§ **Problem details**:
Give back an exact copy of the listing that follows, without the pictures.

§ **Raw data**:

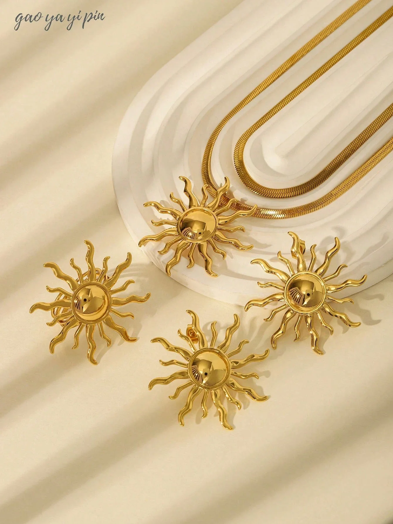 Description :Bijoux en acier inoxydable au design lumineux en forme de soleil, disponibles en collier, bague ou boucles d’oreilles, vendus séparément ou en ensemble. Parfait pour illuminer vos looks au quotidien ou offrir en cadeau.
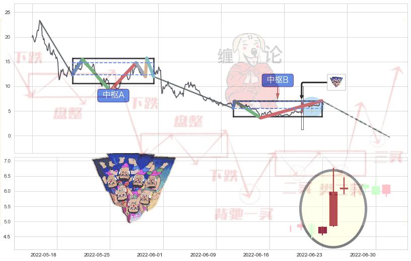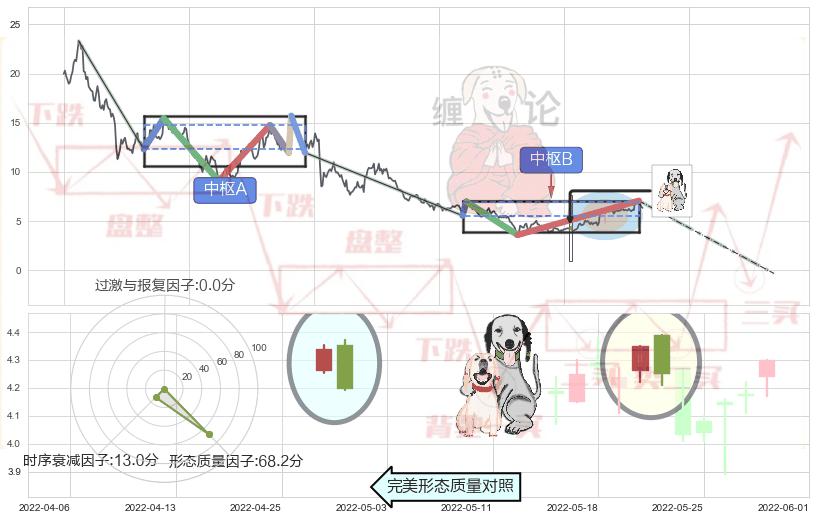 ➣ 看跌(高位倒锤头)流星线 + 缠论中枢点破位中枢B支撑下拉信号叠加后【目标达成率】中等,【看空】信号叠加【存续影响中等】
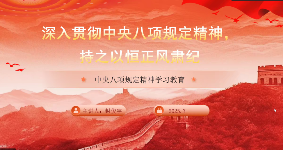 为进一步加强党风廉政建设,深化作风建设,我院党支部于2025年7月26日组织全体党员开展专题党课学习,主题为“深入贯彻中央八项规定精神,持之以恒正风肃纪”。
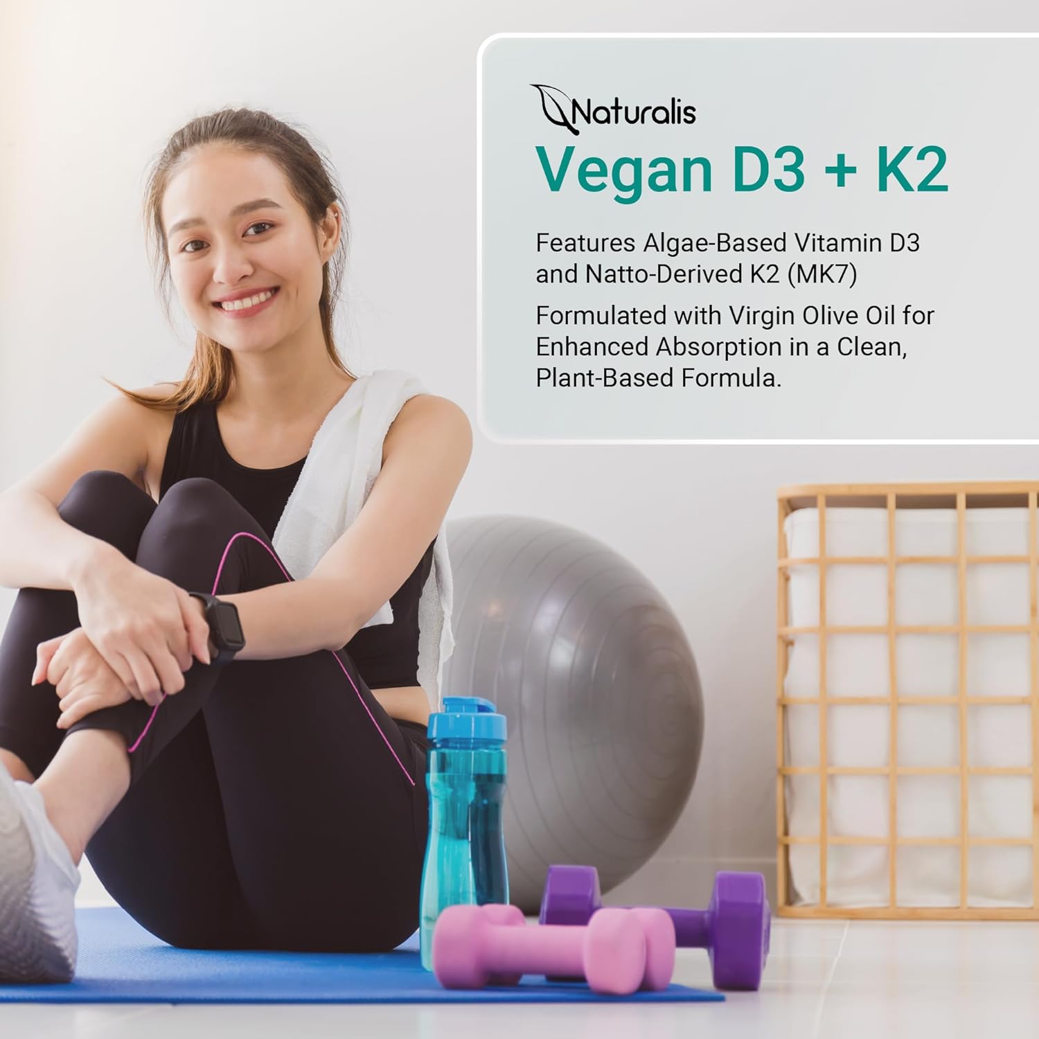 Naturalis Vegan Vitamin D3+K2 from Algae | 5000 IU D3 with 120mcg MK7 | Vegan Society Certified,Sustainably Sourced,Better Than Animal Derived | Better Support for Bone & Immune Health* | 60 Softgels

§ **Response to the exercise**:
 Description :Bijoux en acier inoxydable au design lumineux en forme de soleil, disponibles en collier, bague ou boucles d’oreilles, vendus séparément ou en ensemble. Parfait pour illuminer vos looks au quotidien ou offrir en cadeau.
 ➣ 看跌(高位倒锤头)流星线 + 缠论中枢点破位中枢B支撑下拉信号叠加后【目标达成率】中等,【看空】信号叠加【存续影响中等】
 为进一步加强党风廉政建设,深化作风建设,我院党支部于2025年7月26日组织全体党员开展专题党课学习,主题为“深入贯彻中央八项规定精神,持之以恒正风肃纪”。
 Naturalis Vegan Vitamin D3+K2 from Algae | 5000 IU D3 with 120mcg MK7 | Vegan Society Certified,Sustainably Sourced,Better Than Animal Derived | Better Support for Bone & Immune Health* | 60 Softgels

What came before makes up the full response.